Documentation
¶
Overview ¶
Package lucebox wraps the OpenAI-compat HTTP shape exposed by the lucebox-hub dflash server (https://github.com/Luce-Org/lucebox-hub). The server runs hand-tuned CUDA inference (DFlash speculative decoding + DDTree verify) behind an OpenAI-compat HTTP API on :1236. For routing and benchmarking purposes treat lucebox like any other openai-compat local provider — same shape as lmstudio (:1234) and omlx (:1235), just a different runtime underneath.

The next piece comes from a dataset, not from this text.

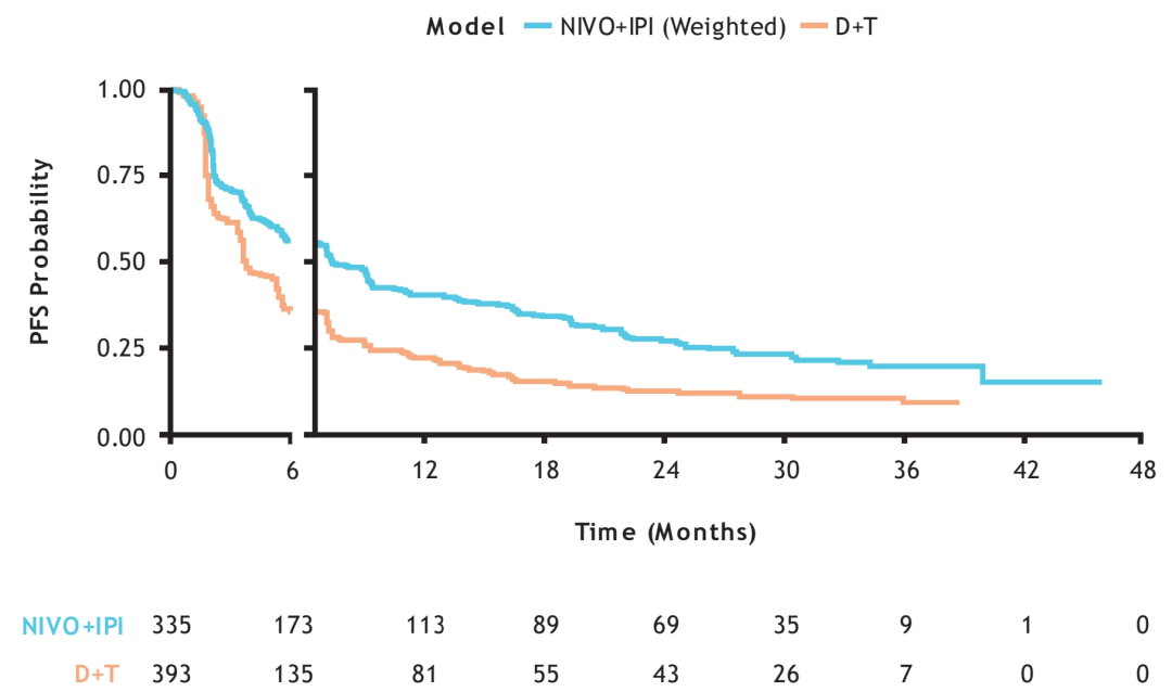 安全性方面(表3),N+I加权后的≥3级治疗相关不良事件(TRAEs)发生高于D+T(25.8%),但低于A+B(43.5%),治疗相关死亡率与两者相当。

Capabilities mirror lmstudio for tool calling / streaming / structured output, and additionally declare Thinking=true: the server returns Qwen3-style thinking traces in a separate `reasoning_content` field alongside `content` (verified empirically against Qwen3.5-27B-Q4_K_M on bragi:1236 — a non-streaming chat with sufficient max_tokens produces both fields). The provider's existing reasoning_content handling on the openai-compat path covers this case; no separate thinking wire format is set because the server doesn't expose a request-side toggle (no enable_thinking / reasoning_effort field).
Sampling: the server accepts the standard OpenAI sampler fields. Catalog entries for lucebox-served models should not set sampling_control unless a specific model id is observed to pin samplers server-side; in the absence of that signal, leaving sampling_control unset (= client_settable) lets internal/sampling.Resolve push catalog profile values to the wire as usual.

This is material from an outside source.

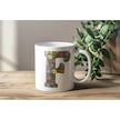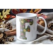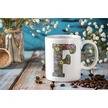 F Baş Harf Çiçek Desenleri İle Natural Tarz Kupa Bardak - Kişiye Özel Çiçekli Kahve Çay Bardak - Beyaz
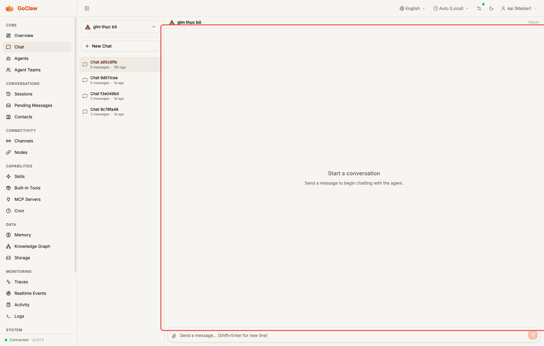 Before: Clicking "Chat a95c8ffa" from initial state — conversation highlighted but main area shows empty "Start a conversation" placeholder.

Default port 1236 fits alongside the existing :1234 (lmstudio) and :1235 (omlx) conventions on the LAN.
Index ¶
Constants ¶
const DefaultBaseURL = "http://localhost:1236/v1"
Variables ¶
var ProtocolCapabilities = openai.ProtocolCapabilities{ Tools: true, Stream: true, StructuredOutput: true, Thinking: true, }
ProtocolCapabilities mirrors lmstudio's openai-compat surface — the routing engine treats lucebox as a full participant rather than a narrow special case. Per-model exceptions (e.g., a model that pins samplers server-side) belong on the catalog ModelEntry, not here.